Changes to the agency came as a result of legislation proposed a year ago by Rep. Jo Ann Davis (R-Va.) and Sen. George Voinovich (R-Ohio). The agency was created in 1921 primarily to audit the spending of federal agencies, but its duties have been expanded to include program evaluation and policy analysis.
The name change "reflects what we do. We're not accountants," says Laura Kopelson, a spokeswoman for the GAO.
They're no Commies
At least GAO is a short acronym. The healthcare industry has earned a well-deserved reputation for nearly matching the military in the universal acceptance of impenetrable, lengthy shorthand. Few, however, are tougher on the tongue than ACEHSA-otherwise known as the Accrediting Commission on Education for Health Services Administration. The pronunciation alone is a bit tricky-it's a-KEE-sa.
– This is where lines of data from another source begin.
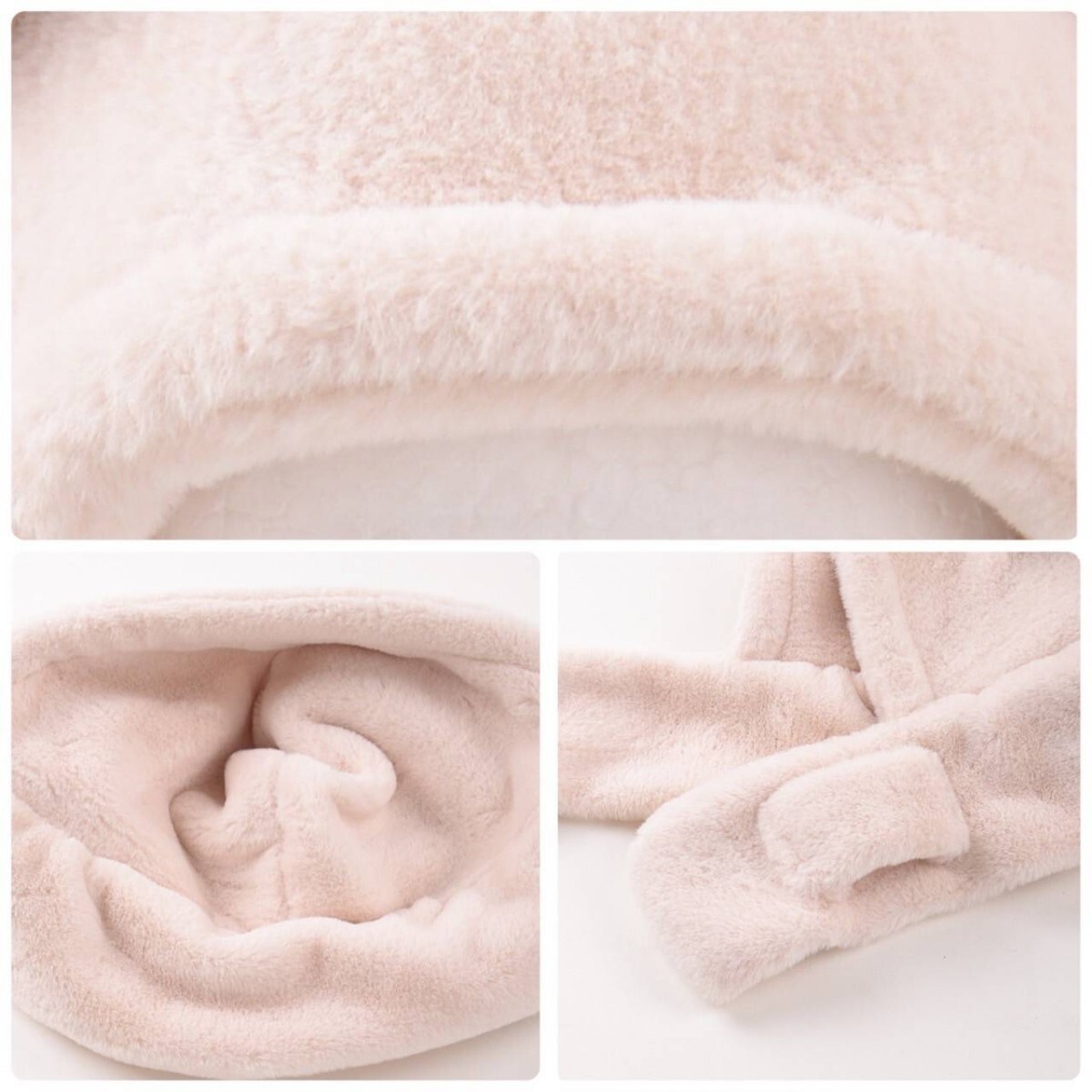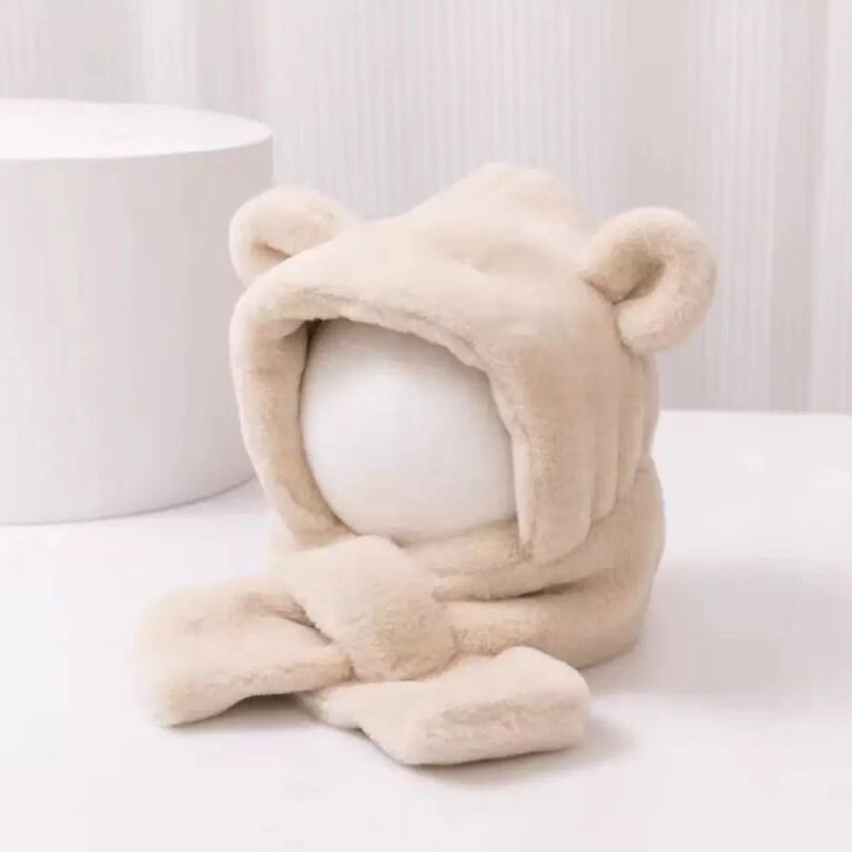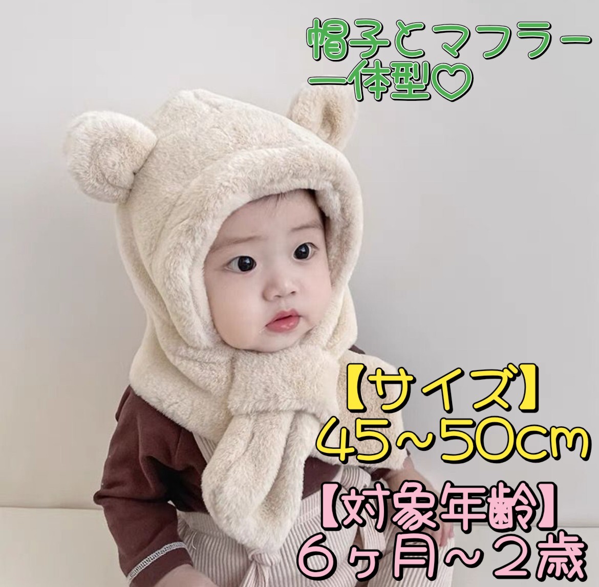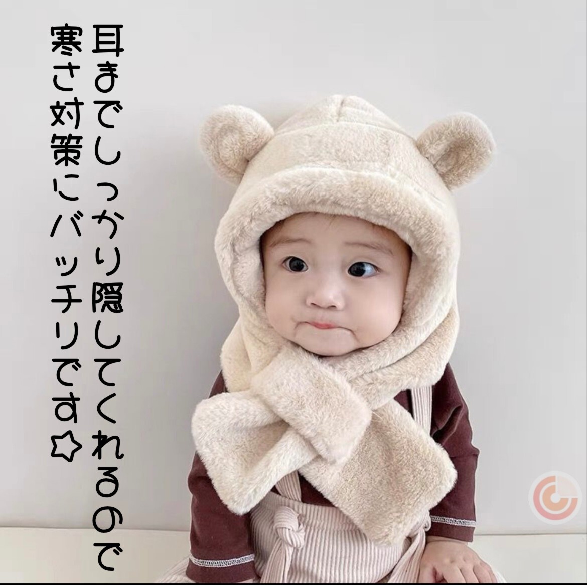 【寒さ対策】アイボリー 防寒 ベビー キッズ くま耳 散歩 おでかけ マフラー 帽子付き 帽子 ふわふわ 可愛い ニット帽 冬 收藏
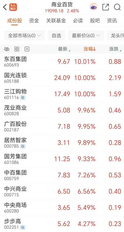 零售股尾盘异动大涨 利好政策助燃消费市场
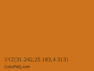 XYZ 31.242,25.183,4.313 Color is a normal orange color and the nearest color is Ochre #cc7722. Hex code #cc731c and RGB value is rgb(204,115,28). In RGB color space, this color is composed of 80% red, 45% green, 11% blue, In CMYK color space, this color is composed of 0% cyan, 44% magenta, 86% yellow , 20% black , In HSL color space, this color has a hue angle of 30° , 76% saturation and 45% lightness.
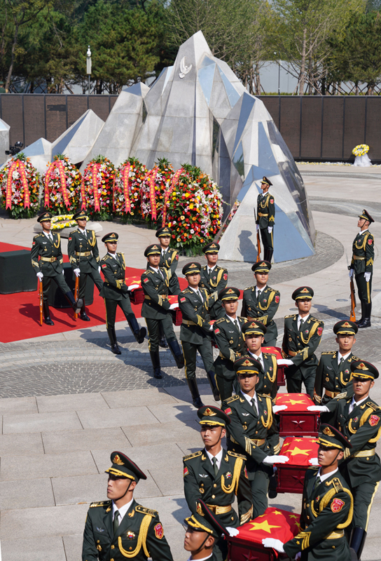 9月13日,第十二批在韓中國(guó)人民志愿軍烈士遺骸安葬儀式在沈陽(yáng)抗美援朝烈士陵園舉行。30位志愿軍烈士英靈,在闊別祖國(guó)70多年后回到中華大地安息。
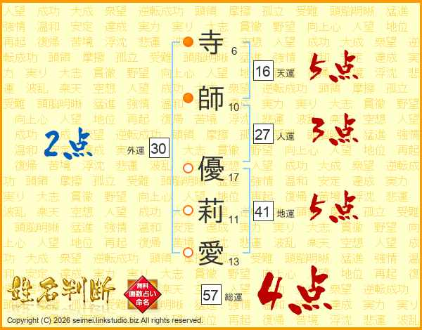 寺(6画)師(10画) 優(17画)莉(11画)愛(13画)
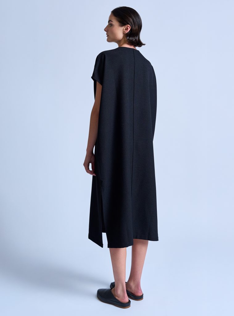 CDPOBK00-ChitonTieDressInBlackoCrepe-05 | CHITON TIE DRESS IN ESPRESSO CREPE
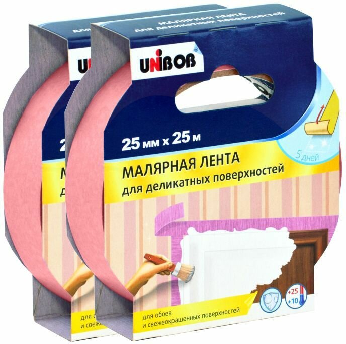 Малярная лента для деликатных поверхностей, розовая, 25 мм х 25 м - 2 шт комплект Unibob интересное:
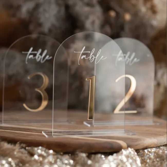 Sobre et intemporel, le numéro doré est un grand classique de la décoration de table de mariage. Sa finition brillante apporte une note élégante tout en assurant une excellente lisibilité. Il s’adapte facilement à différents styles, du mariage chic au décor plus minimaliste.
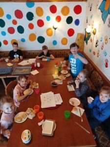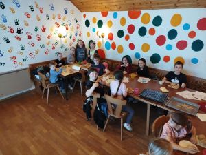 Zuerst haben wir in einem Tischgebet dem „lieben Gott“ für alles gedankt und danach haben wir in einer gemütlichen Runde unser Selbstgebackenes mit Butter und Aufstrich verspeist.
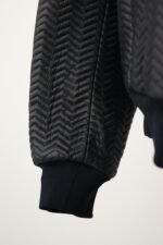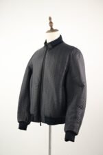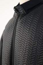 Giorgio Armani Men’s Leather Chevron Bomber Jacket blends classic bomber styling with contemporary sophistication. Made from high-quality smooth leather, the jacket is distinguished by its chevron-quilted pattern, adding both visual depth and subtle structure to the design.
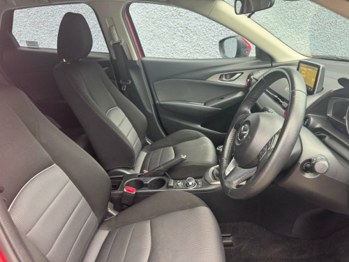 Highly reliable and superbly fuel efficient Mazda CX-3. Features include A/C, push button start, keyless entry, Bluetooth and more. Extensive Mazda service history provided. 12V Power Socket - Front, 16in Alloy Wheels - Silver, 7in Colour Touch Screen Display, Adjustable Speed Limiter, Aha App and Stitcher App Integration, Air Conditioning - Automatic Climate Con, Air Vents - Piano Black Surround with Da, Airbags - Curtain Front, Airbags - Curtain Rear, Airbags - Driver, Airbags - Front Passenger, Airbags - Front Passenger Deactivation S, Anti Lock Braking System - 4W-ABS, AUX Socket, Bluetooth Audio Streaming, Bluetooth Hands Free System, Courtesy Light with Integral Spotlights, Cruise Control, Cupholder - Centre Console x2, DAB Radio, Dashboard Panel - Black - Soft-touch wit, Daytime Running Lights, Deadlocking, Door Mirrors - Electrically Adjustable-H, Door P
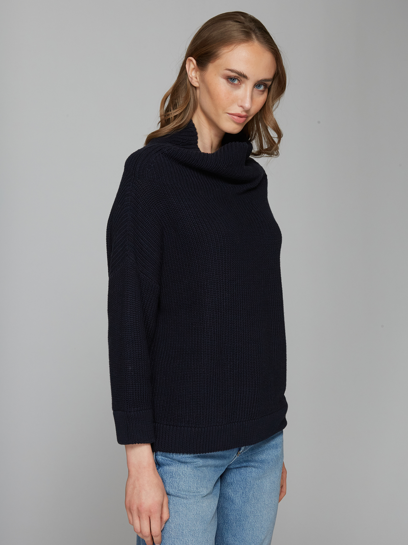 Made from pure cotton, our sweater is a contemporary must-have for chilly days. The funnel neck sweater is ribbed-knitted that is designed for a slightly relaxed fix.
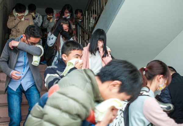 15时30分,演练正式开始。嘉园3号学生公寓东北侧430寝室冒出滚滚浓烟,公寓管理人员第一时间报告火情后,迅速切断非消防电源,开启所有通道大门及窗户,组织疏散学生。保安人员利用消火栓、灭火器控制火势,并引导学生有序疏散。同学们用湿毛巾捂住口鼻,快速、有序从逃生口撤离到安全地点。
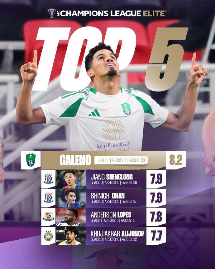 1、加萊諾(吉達國民)8.2分:1球1助攻30次傳球
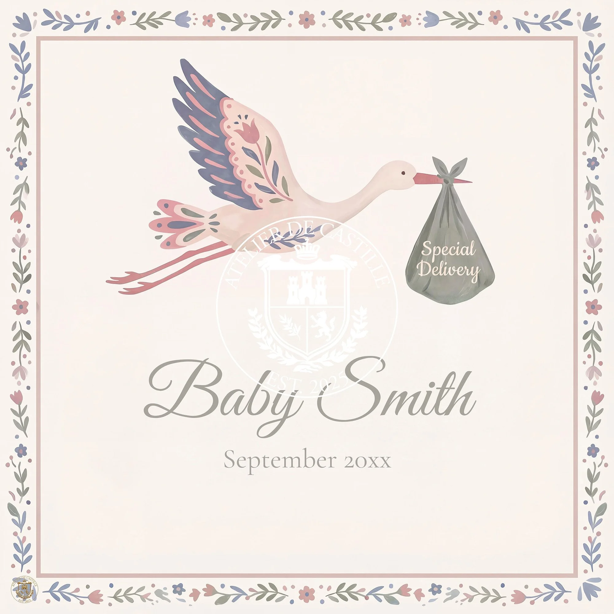 Minimalist Floral Baby Announcement Template • Classic & Elegant Pregnancy Reveal • Editable In Canva
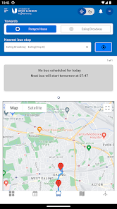 Realtime shuttle bus information including a map showing where the bus is and how many minutes away it is
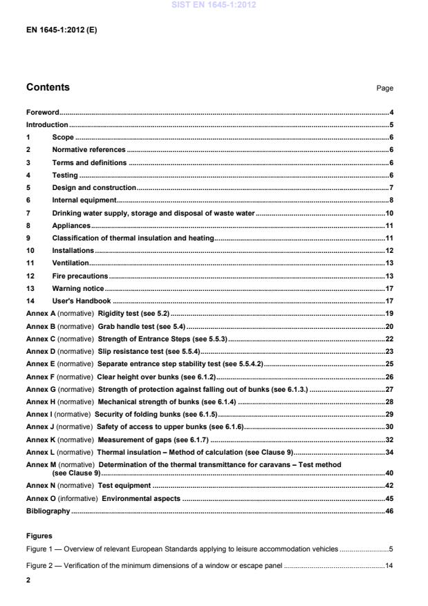 3 Terms and definitions For the purposes of this document, the terms and definitions given in EN 13878:2003 apply. 4 Testing The tests described in Annex A to N are intended to verify that a caravan representative of a given model, including its fixtures and fittings, meets the requirements of this European Standard. These tests are intended to simulate the most onerous conditions for the relevant characteristics. NOTE It is recommended to take environmental aspects into account during development, production and disposal of caravans based on established knowledge and within the respective technical possibilities (see also Annex O). SIST EN 1645-1:2012
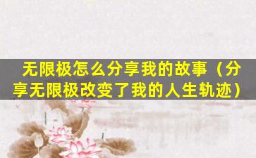 无限极是一家中国的直销公司,主要销售健康产品。如果你想要分享你在无限极的故事,可以按照以下步骤进行:
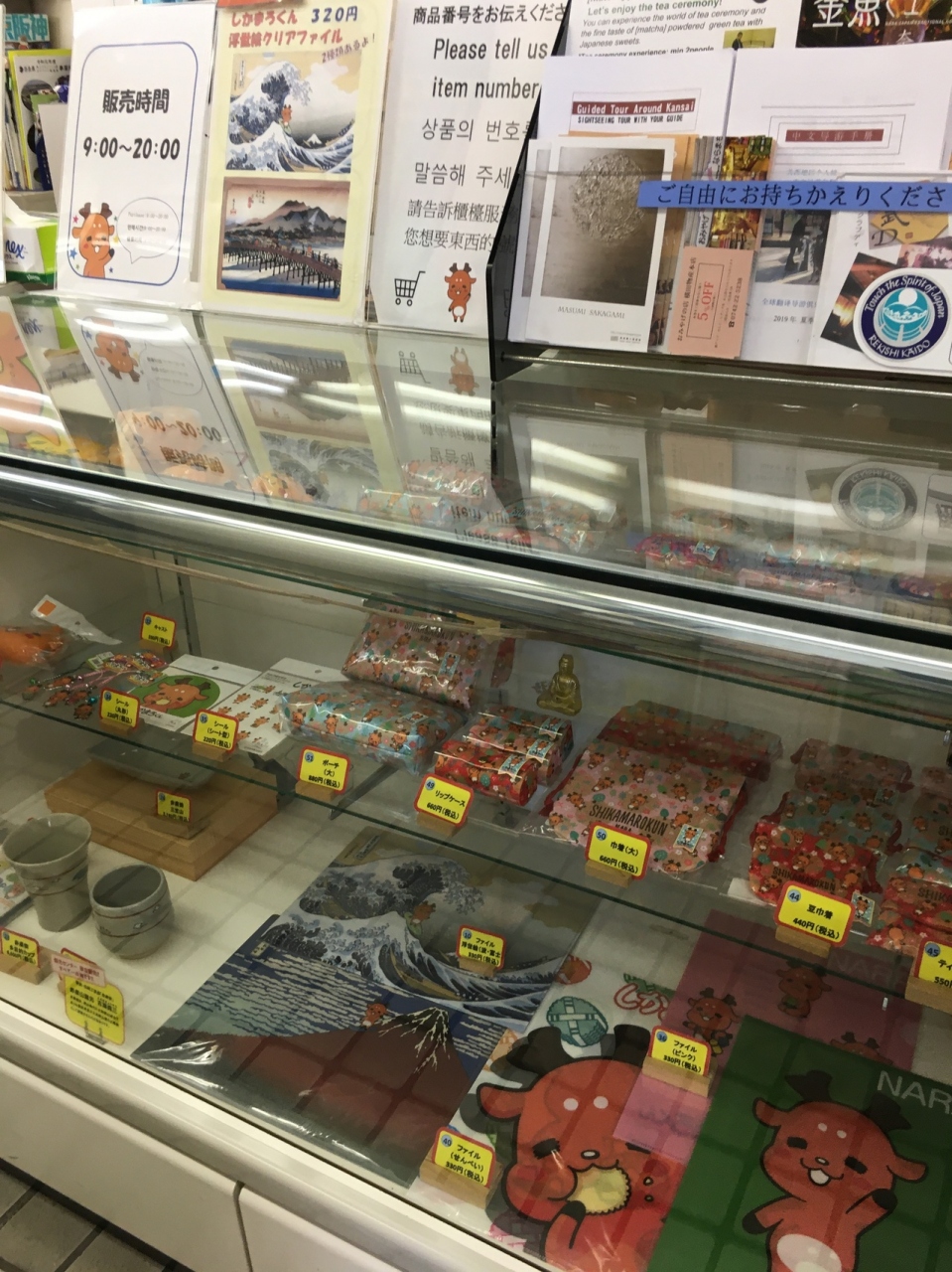 近鉄駅のビルの1階にあり、細いカウンターには4人の案内人がいて、外国人のお客さんが多かったです。多国籍のパンフレット、チラシ類の他に土産品もたくさんありました。セントくんの人形がたくさん置いてありました。
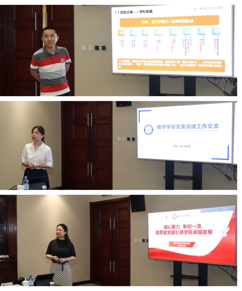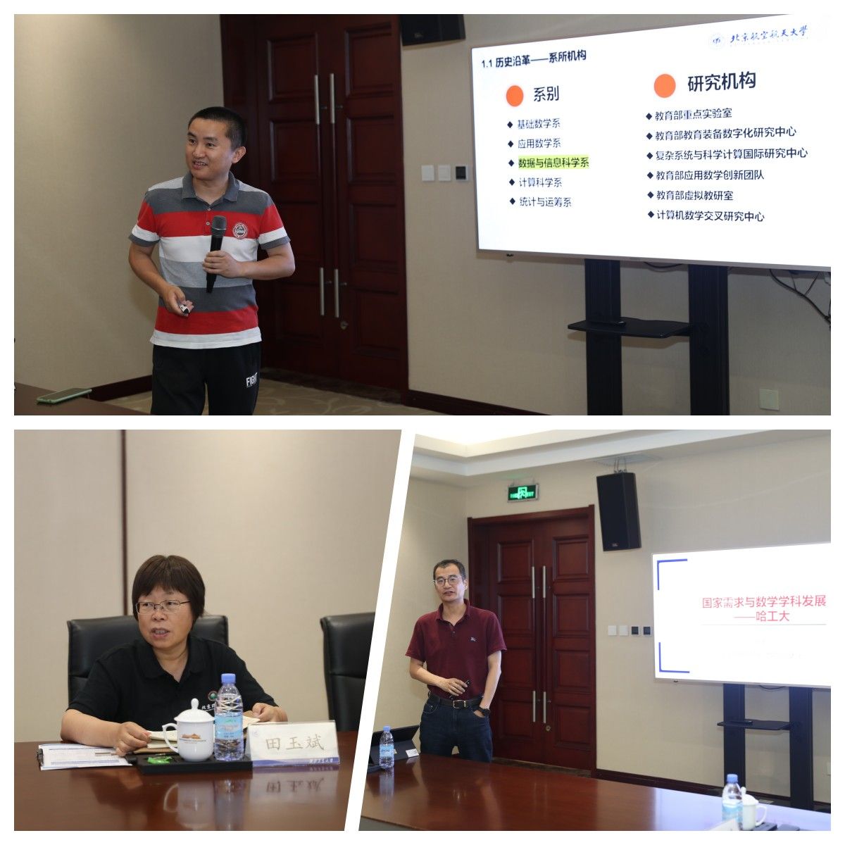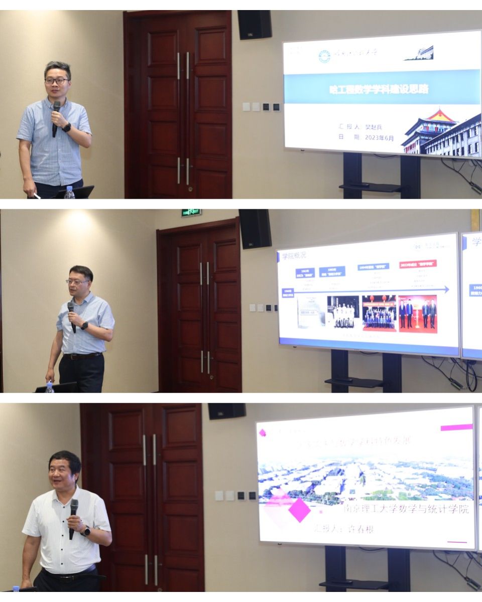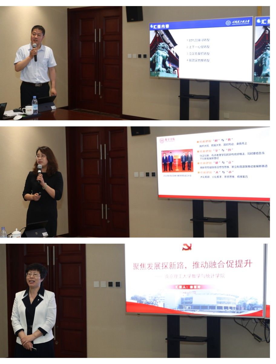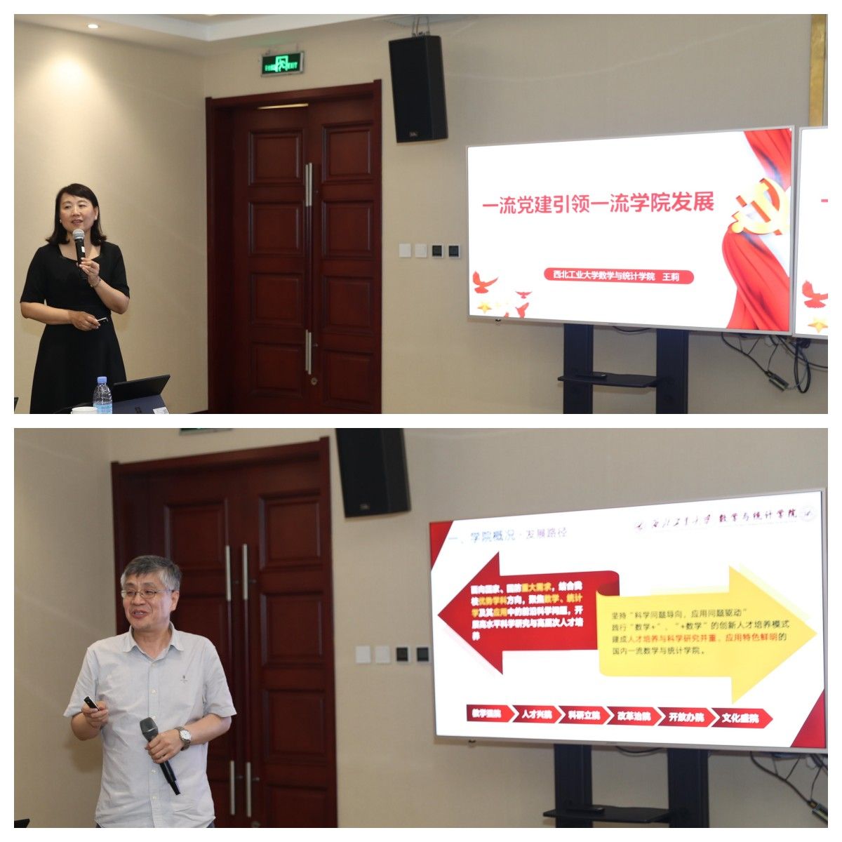 随后,部属七所高校数学公司相关负责人分别围绕《以高质量党建引领和推动公司高质量发展》《国家需求与数学学科特色发展》主题进行了汇报交流。北京航空航天大学数学科学公司在党建工作中形成的“夯基础、促改革、做党建研究”的工作思路,在学科发展工作中提出的“大数学”立体化数学人才培养体系的建立;北京理工大学威廉体育官方网站在党建工作中形成的“三确保、两提升、一促进”的工作理念,在学科发展工作中提出的对硬核基础数学队伍的培养方式;哈尔滨工业大学数学公司在党建工作中提出的打造“金牌专业、金牌课程、金牌教师”,实现“出成果、出名师、出人才”的公司奋斗目标,在学科发展工作中提出的“三个对标”的科学研究发展策略;哈尔滨工程大学数学科学公司在党建工作中提出的“四转型”工作思路及举措,在学科发展工作中推行的“六计划”重点举措;南京航空航天大学数学公司以“四融”党建推动公司高质量发展的工作思路,在学科发展工作中打造的“一体两翼双助力”的发展体系;南京理工大学威廉体育官方网站形成的“三开三共”的党建工作理念和“三融三聚”的党建工作思路,在学科发展工作中推行的创新发展思路以及公司威廉体育官方网站在党建工作中“1745”发展思路,在学科发展工作中提出的“数学+”“+数学”的创新人才培养模式。一个个创新思路与特色做法,取得的突出成绩和亮眼结果,各公司发展工作中遇到的共性问题以及解决措施,使得此次研讨会既开拓思路又发人深省,与会同志们均表示收获满满,取得良好的效果。

Now, just when Modern Healthcare has finally managed to commit this name, acronym and pronunciation to memory, ACEHSA's leaders have decided to change the official title. Forthwith, ACEHSA will now be known as the Commission on Accreditation of Healthcare Management Education, or CAHME. And that is not pronounced like the derogatory abbreviation for a card-carrying member of the Communist Party, either; it's more like "kammy."